Amelia Aratangi – Mourning The Living

Amelia Aratangi – Mourning The Living

To: My father.
I have lived without you my entire life. Since the 11th of January 2008, I have mourned the loss of you.
But how do you mourn someone who still lives? Would you know? Do you mourn me? Do you mourn
my brother? I was never your favorite; you saw too much of my mum when I gazed up at you. I used to
hate it, as it meant I was always the child put on the back burner, patiently waiting her turn to receive
your attention, only for you to give it all to your other kids. I am your flesh and blood, and yet I feel like
an outcast. I am half of you, and I hate it. I don’t want to look like you, I don’t want to act like you, I don’t
appreciate your traits and I do not wish to have your ability to not care. I do not want your selfishness; I
do not want your immaturity and I do not care for your apologies. I would however like to see you so I
can give you a photo of the young girl you destroyed and ask you if she truly deserved it. I want you to
really look at her, from the curls at the top of her head to the bright smile on her face and the twinkle in
her eyes. I want you to see the girl who had to grow up and get used to the fact that only one parent was
going to come to her events. I want you to see her bright persona and know that you were the one who
dimmed it, that you are the reason that girl, the one who used to dance in malls in rainbow skirts and sing
in public is no longer with us. I hope you get mad, mad that I have broken the silence you have become so
adjusted to, and you scream and scream and scream about how I am just like my mum. The young girl
who rests deep within the walls of my heart glows at the sentence. I hope your heart aches like the young
girl whose mother just told her that to her dad she was a burden, the unwanted and forever forgotten child.
I hope you feel embarrassed, but do not mourn me, for I am not your tragedy. I am not some damsel in
distress that needs saving or a shattered mirror that needs cleaning up. I am whole without you. Taken in
by womanhood and my mother’s arms, I am whole. The gap you left in my heart was filled by the
nurturing hands of my mother, the woman you mistreated. She mended my heart together each time you
broke it in two.
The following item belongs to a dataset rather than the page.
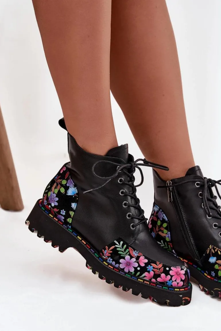 Botki damskie od marki Artiker to propozycja, która łączy wygodę z wyjątkowym, kobiecym stylem. Wykonane z wysokiej jakości naturalnej skóry, prezentują się elegancko i są trwałe, zapewniając komfort codziennego użytkowania. Model łączy klasyczne sznurowanie z praktycznym zamkiem, co umożliwia idealne dopasowanie do stopy oraz ułatwia zakładanie i zdejmowanie butów. Delikatne ocieplenie sprawia, że botki sprawdzą się także w chłodniejsze dni, zapewniając przyjemne ciepło. Całość zdobi subtelny motyw kolorowych kwiatuszków, który nadaje wyjątkowego uroku i oryginalnego charakteru, czyniąc je doskonałym uzupełnieniem zarówno casualowych, jak i bardziej kobiecych stylizacji. Przy wyborze rozmiaru prosimy sugerować się tabelą rozmiarów.

She held the girl you destroyed in her arms and rocked her to sleep, her own eyes wet
with tears. As you open your mouth and tell me that I am too much like my mother, a smile creeps up on
my face and a thank you slips out of my mouth before I can stop it. Before I know it, the room shakes
with your anger. But nothing else matters when I have my mother’s DNA. She is the good in my system,
the DNA that I wish to keep. I will keep her, and she will keep me from removing you entirely from my
life because she does not want you to feel how I felt. She does not want you to know what it feels like to
be abandoned. She will mend my heart each time you break it without a complaint because she is not
selfish, unlike you.
For: My healer and the little girl we lost on the way.